Apache Accumulo Git WIP

Git is an open source, distributed version control system which has become very popular in large, complicated software projects due to its efficient handling of multiple, simultaneously and independently developed branches of source code.\

Workflow Background

Likely the most contested subject matter regarding switching an active team from one SCM tool to another is a shift in the development paradigm.

Some background, the common case, as is present with this team, is that developers coming from a Subversion history are very light on merging being a critical consideration on how to perform development. Because merging in Subversion is typically of no consequence to the complete view of history, not to mention that Subversion allows "merging" of specific revisions instead of sub-trees. As such, a transition to Git typically requires a shift in mindset in which a fix is not arbitrarily applied to trunk (whatever the main development is called), but the fix should be applied to the earliest, non end-of-life (EOL) version of the application.
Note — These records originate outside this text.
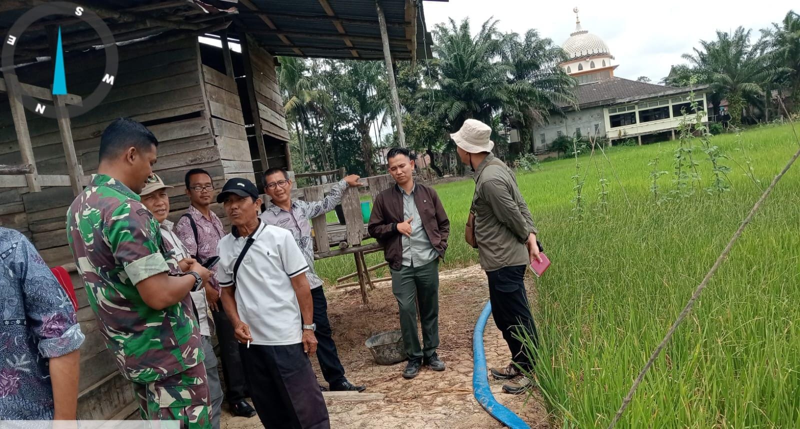 Babinsa Koramil 415-05/Sengeti, Kodim 0415/Jambi Sertu Edi Bustami, mendampingi tim dari Dirjen Hortikultura dalam pengecekan pompanisasi di Kelompok Tani Aur Gading, Desa Berembang, Kecamatan Sekernan, Kabupaten Muaro Jambi, Kamis (08/08/2024).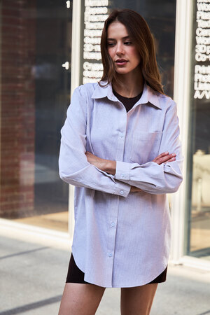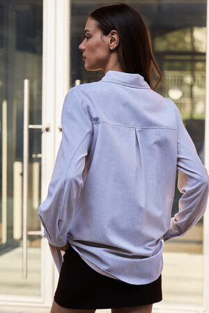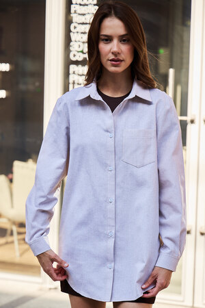 Изысканность в каждой детали: удлиненный силуэт, элегантный длинный рукав и широкий воротник придают этой полосатой рубашке особый шарм. Она станет вашим верным спутником на романтических свиданиях, обеспечит комфорт в школе и подчеркнет профессионализм в офисе. Легкость и дышащие свойства хлопка гарантируют непревзойденное ощущение свежести.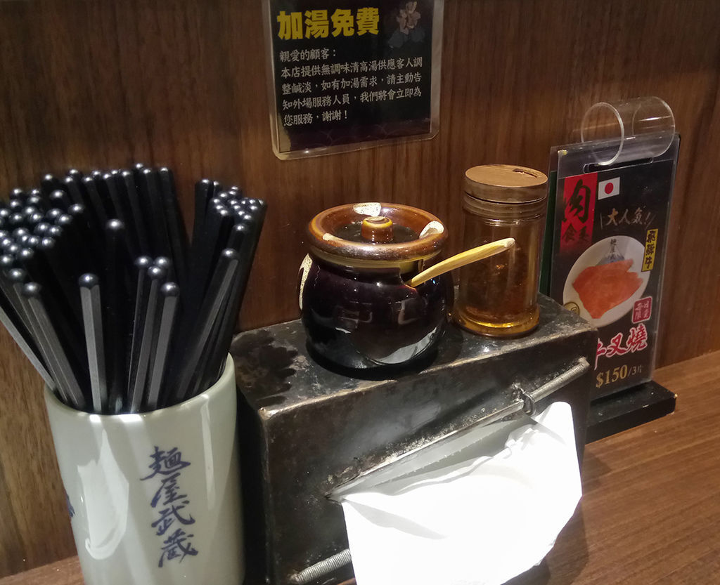 吧檯桌上有麵屋武藏訂製款的筷杯跟面紙盒,面紙盒上面是兩把長長的日本刀裝飾很有巧思,充滿男子氣概的擺設。上面的瓶子裝的是醃漬蒜頭,味道滿重的若喜歡蒜味的人可以嘗試看看,旁邊小罐應是辣椒粉。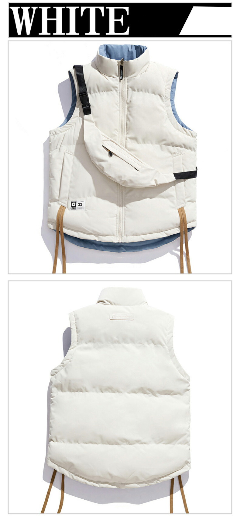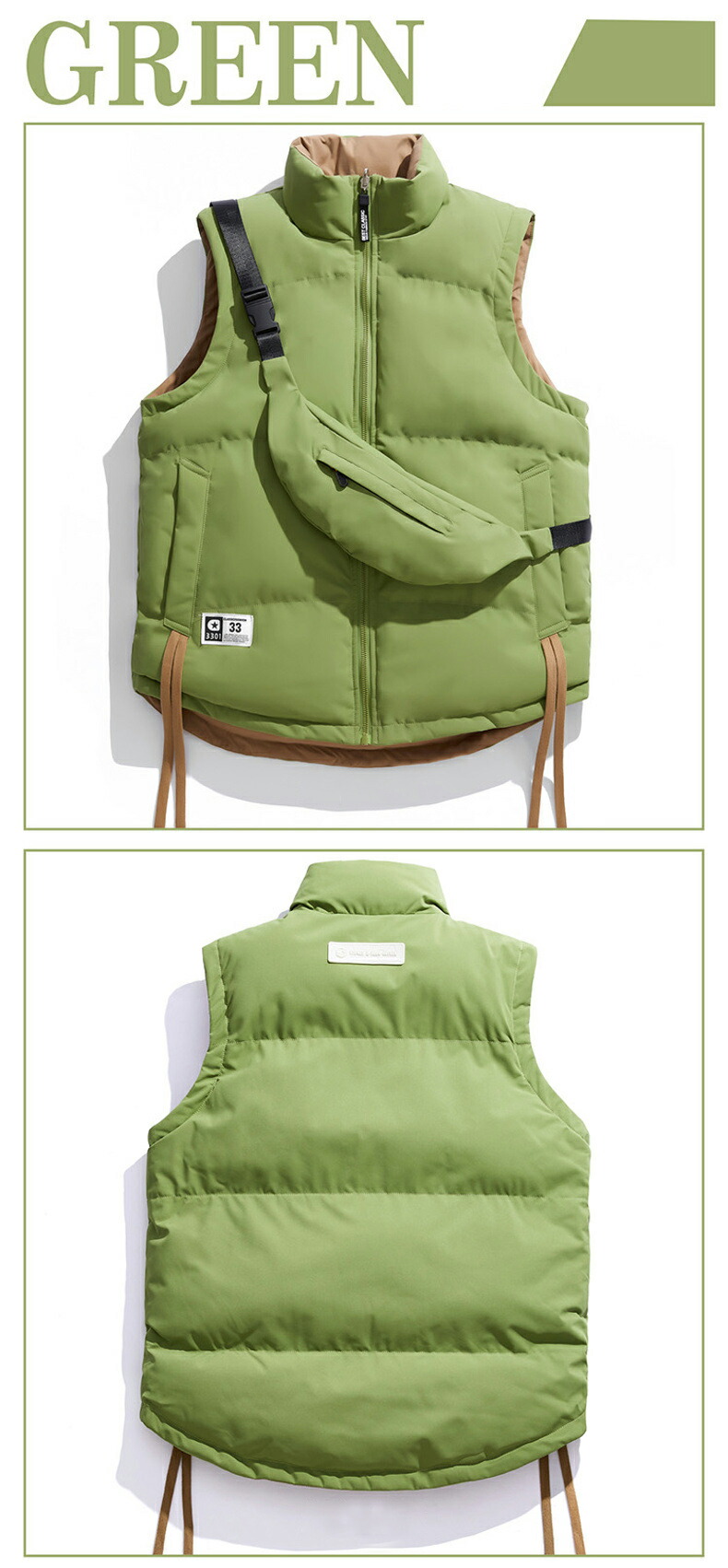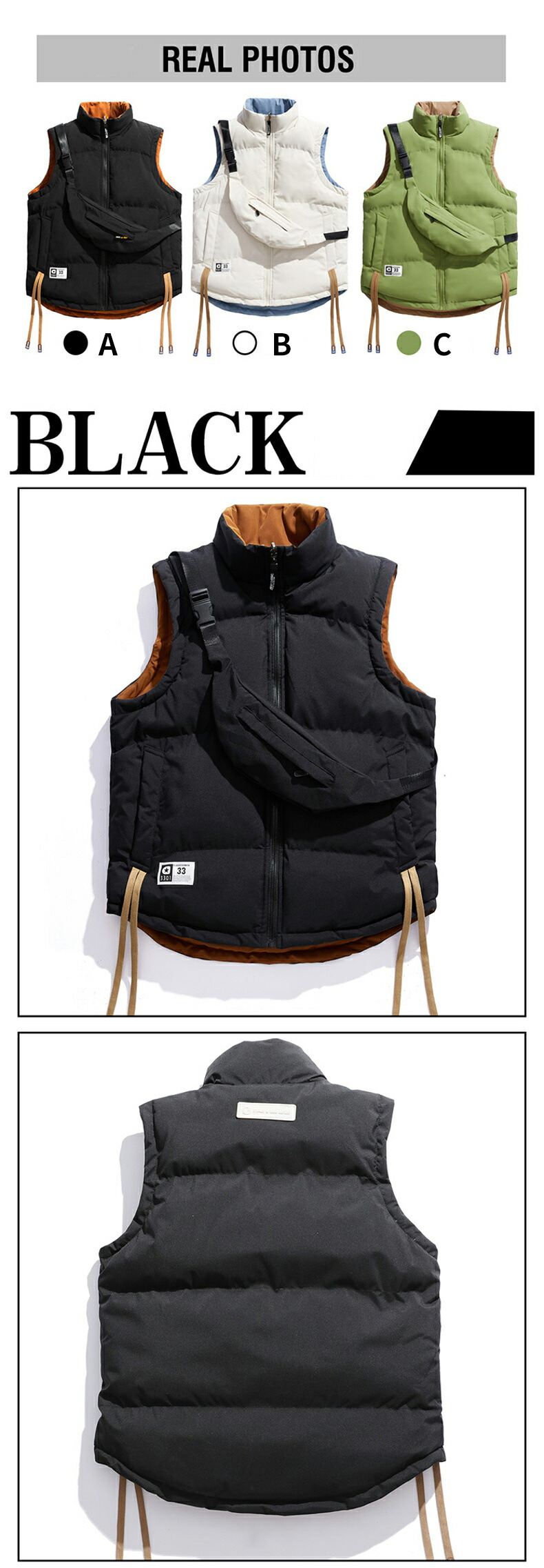 防寒ベスト メンズ 両面着 秋冬 あったか ショルダーバッグ付き 大きいサイズ カジュアル ダウンベスト ジップアップ 保温 防寒対策 おしゃれ 青少年 通学 中綿ジャケット トップス シンプル 無地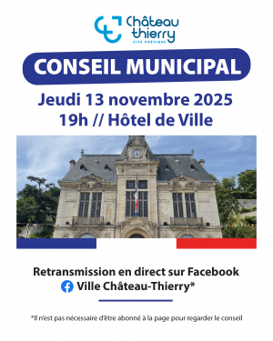 La Ville de Château-Thierry vous invite à suivre le prochain conseil municipal qui se déroulera le jeudi 13 novembre 2025, à partir de 19h, à l'Hôtel de Ville.
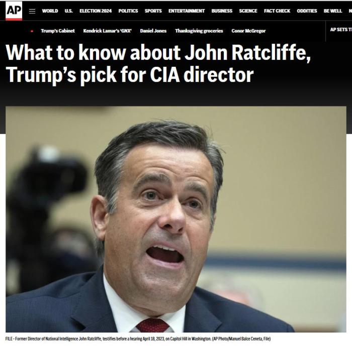 拉特克里夫曾从事律师工作,后进入政坛,担任过市长、联邦检察官等职务,2015年至2020年担任国会众议员。他曾在特朗普的上届政府任国家情报总监。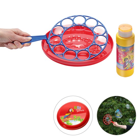 für Riesenblasen, 3-teilig: 1 Blasenring, 1 Flugscheibe, 1 Flasche mit ca. 240 ml Lauge und Geduldspiel im Deckel; Farbkombinationen möglich. Nicht geeignet für Kinder unter 3 Jahren!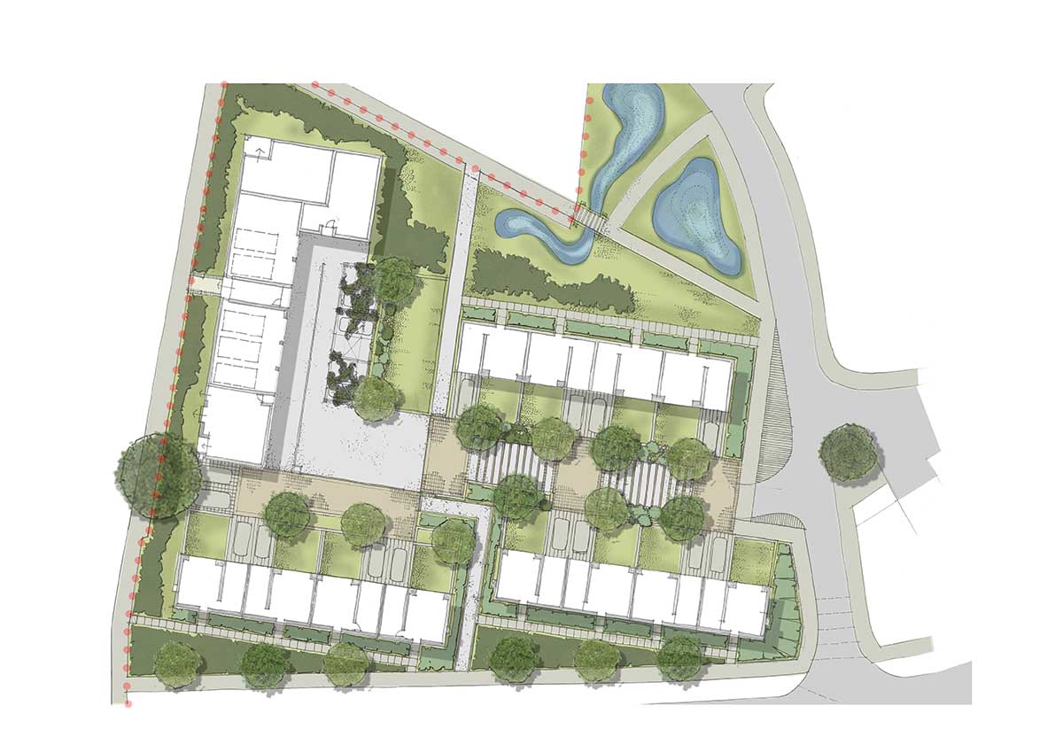 After a successful competition bid, POD worked closely with the consortium to understand and examine all site constraints, such as large extensive mine workings, which helped form the basis of the development, navigating through these whilst driving the concept of connectivity to the large open areas of surrounding green space, POD have been able to create an exciting development with key transitional nodes of external spaces, offering spaces for the residents to come together a build a new community. The house types have been designed and considered as a rhythmical composition that drives community connection, expansive areas of glazing allowing transparency and promoting visual connections. As part of a strong delivery team POD will move forward and deliver this existing project on behalf of the GRP consortium.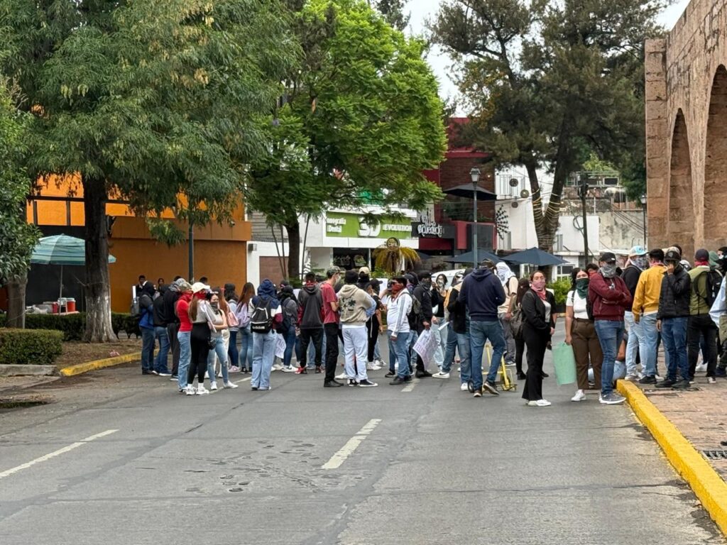 Integrantes de la Organización de Normales Oficiales de Michoacán (ONOEM), retuvieron este martes dos unidades comerciales, con las que bloquearon la circulación en la avenida Acueducto, desde el cruce con Ventura Puente y vandalizaron el módulo de la Secretaría de Finanzas.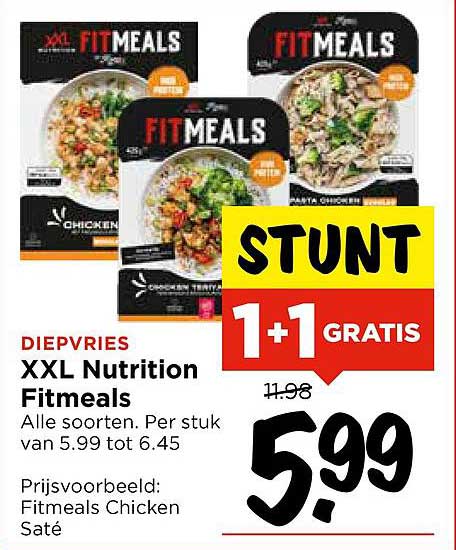 Bekijk nu de XXL Nutrition Fitmeals aanbieding in de Vomar folder. Deze aanbieding is geldig van 23-07-2025 tot en met 26-07-2025.

For example, say there is a hypothetical application which has just released version-3 of their software and have shifted their development to a version-4 WIP. Version-2 is still supported, while version-1 was just EOL'ed. Each version still has a branch. A bug was just found which affects all released versions of this application. In Subversion, considering the history in the repository, it is of no consequence where the change is initially applied, because a Subversion merge is capable of merging it to any other version. History does not suffer because Subversion doesn't have the capacities to accurately track the change across multiple branches. In Git, to maintain a non-duplicative history, it is imperative that the developer choose the correct branch to fix the bug in. In this case, since version-1 is EOL'ed, version-2, version-3 and the WIP version-4 are candidates. The earliest version is obviously version-2; so, the change should be applied in version-2, merged to version-3 and then the version-4 WIP.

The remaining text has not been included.